With that in mind, this is my
5-Step Solution to Dealing with Peer Pressure
Step 1: Awareness
Wanting to be liked is not a weakness unless you let it run your life, seeking approval in every situation and spending your life chasing it. Alternatively, acting like you don’t care but really caring a lot is a recipe for getting yourself in trouble.
Acknowledging when you care and what your feeling is okay. Only then will you really have the power and the awareness to choose your actions from a place of power.
Step 2: The simple question
Sometimes knowing what single simple question to ask yourself can help you sort through the muck of your mind and emotions.
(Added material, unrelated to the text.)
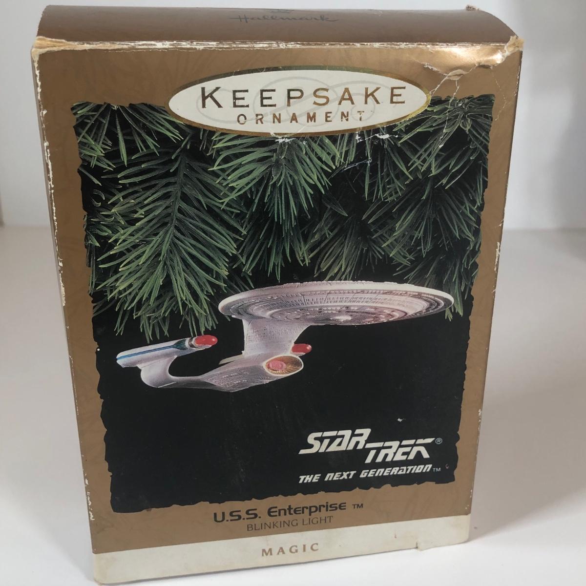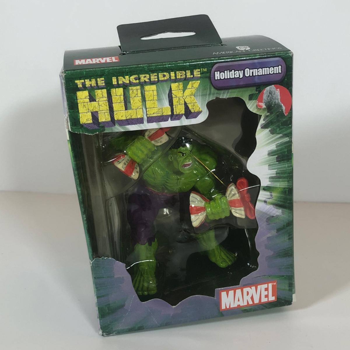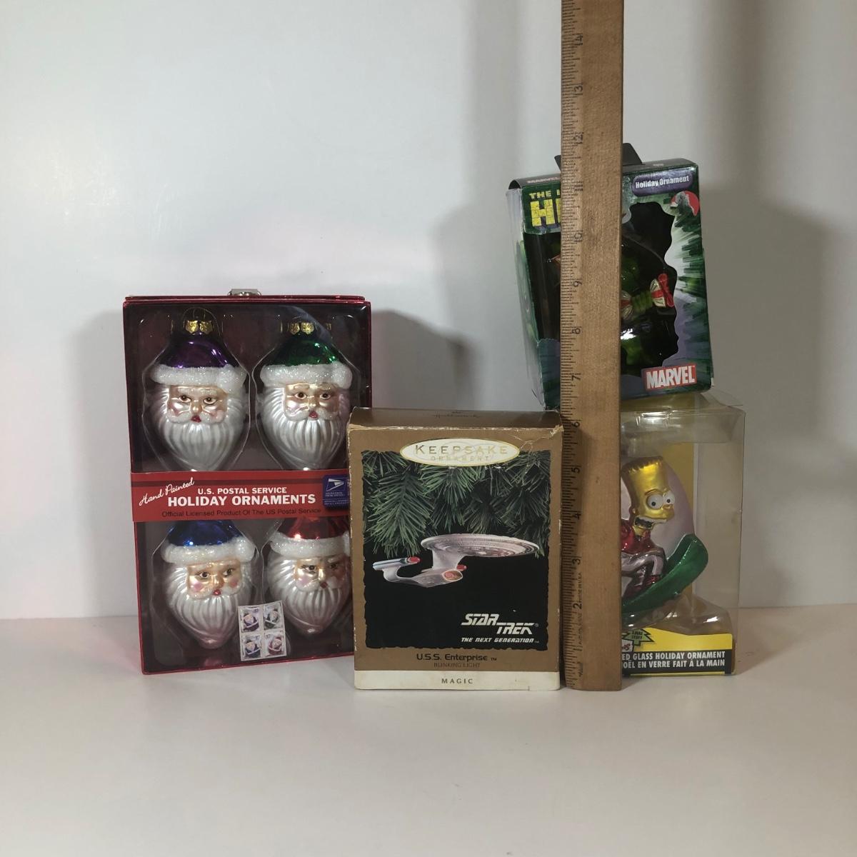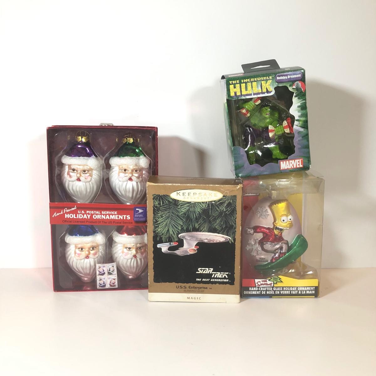 LOT 48: Collectible Christmas Ornaments in Boxes - Hallmark Keepsake Star Trek TNG USS Enterprise, Kurt S Adler Bart Simpson, American Greetings Marvel Hulk & Hand Painted USPS 4-Pack

In high school, mine was obviously “Whose happiness do I care about?” but for you it could be something else, like “Does this action align with the person I want to be?” or “Do these people have my best interest at heart?” or “What will I be most proud of in 10 years?”
Asking the right question is just as important as acknowledging there is a question.
Step 3: Gather support
If you act contrary to what other people want, chances are you’ll feel alone. This may cause you to pull in further like a turtle in its shell. Resist that! Instead, find support elsewhere. Find family, friends, chat rooms, or even read books about people who have taken the unlikely path.
You aren’t the first person to forge a path outside of what others wanted. Don’t let yourself be fooled, or isolated.
Step 4: Own in every day
Once you make the decision to let go of peer pressure, you have to remind yourself of why you chose that path every day. There will be days you regret choosing your own path; you may be lonely on others. That’s okay. Remind yourself constantly of the big picture and why you are sacrificing now.
Step 5: Inner armor
Do something to build up your inner strength: Work on your self-talk, meditate, journal, whatever you can do. (If you’ve read anything by me, you knew this one was coming. I like actionable tools.)
You are a strong, powerful person, but maintaining inner strength takes work just as it takes work to maintain a strong body. Put in that work and you will see those benefits in all aspects of your life.